Mumbai: The next time you visit your neighbourhood grocery store or call the corner shop for a home delivery, don’t be surprised if your grocery shopkeeper remembers what you ordered the last time and reminds you to restock your Kissan Jam or your detergent and toiletries supply as they are running out and he has an offer. All this and more will soon be possible as the country’s largest consumer packaged goods company, Hindustan Unilever Ltd (HUL), is re-imagining the way we shop at neighbourhood stores.
Spread across 600,000 villages and 10 million outlets, general trade will continue to remain big in the next 10 years, HUL said in a presentation on its website on 6 June where it outlined Project Maxima, which is focused on precision marketing at scale.

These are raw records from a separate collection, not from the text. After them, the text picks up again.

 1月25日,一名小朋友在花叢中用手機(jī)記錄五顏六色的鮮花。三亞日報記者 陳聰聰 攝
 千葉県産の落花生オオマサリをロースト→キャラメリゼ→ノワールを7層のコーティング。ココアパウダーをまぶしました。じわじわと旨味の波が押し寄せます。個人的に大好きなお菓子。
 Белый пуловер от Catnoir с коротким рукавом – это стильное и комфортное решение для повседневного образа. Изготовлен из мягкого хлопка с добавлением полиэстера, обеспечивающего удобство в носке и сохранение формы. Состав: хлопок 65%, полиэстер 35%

The re-imagining of its supply chain and corner shop strategy is part of the company’s bigger initiative undertaken over the last four years for its entire business with initiatives like Winning in Many Indias (WiMi), which divides the country into 14 zones. Also, management is decentralized with the formation of Cluster Category Business Teams, which are mini-boards for brand building and marketing.
Under Project Maxima, HUL is able to do targeted marketing within 100m of a grocery shop, which it will geofence for distributed marketing and offering. The company plans to extract details such as who visited the grocery store over the last three months, what they bought and when they are likely to buy next time, it said.

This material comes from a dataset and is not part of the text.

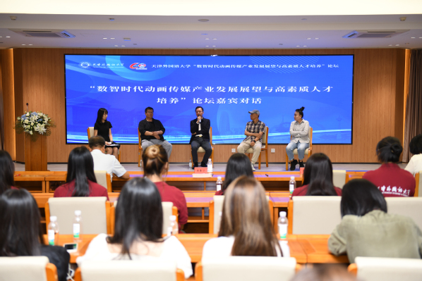 在论坛嘉宾对话环节,天津市动画学会理事长魏长增教授,天津美术学院硕士生导师余春娜教授,英雄游戏科技股份有限公司执行董事、中国民族贸易促进会副秘书长王奕,天津皿鎏软件有限公司制作总监、运营总监王威,就“数智时代动画传媒产业发展展望与高素质人才培养”这一主题进行了深入探讨与交流,重点聚焦数智时代动画传媒人才培养的课程设置、师资队伍、教学模式等方面的改革与创新,为动画传媒人才培养领域的未来探索指明了方向。

The Indian arm of Unilever Plc will achieve this through the use of predictive analytics, cloud technology, Internet of Things and artificial intelligence. “HUL’s data strategy would be how do we acquire, how do we store, how do we use this data and how do we manage it. In this VUCA (volatility, uncertainty, complexity and ambiguity) world, HUL will prefer to disrupt than be disrupted,” the company said.
The company is using predictive analytics, Jarvis—a software that uses several artificial intelligence techniques—to gauge demand, volume, sales and profit scenarios under different simulated scenarios. Also, with the use of artificial intelligence, the software keeps improvising itself. “Error percentage is barely 3-4%,” the company said.
The company is also listening in to conversations on social platforms and picking up trends. Based on searches done by consumers, the company has created micro-marketing strategies. This has resulted in a 225% increase in reach and a two-fold increase in engagement during events such as Lakme Fashion Week, resulting in 20% increase in sales, it said.
The company will continue to focus on modern trade and e-commerce as well. E-commerce already accounts for 1.5% of overall revenues and growth and profitability is higher in the e-commerce and modern trade channels compared to general trade, HUL said.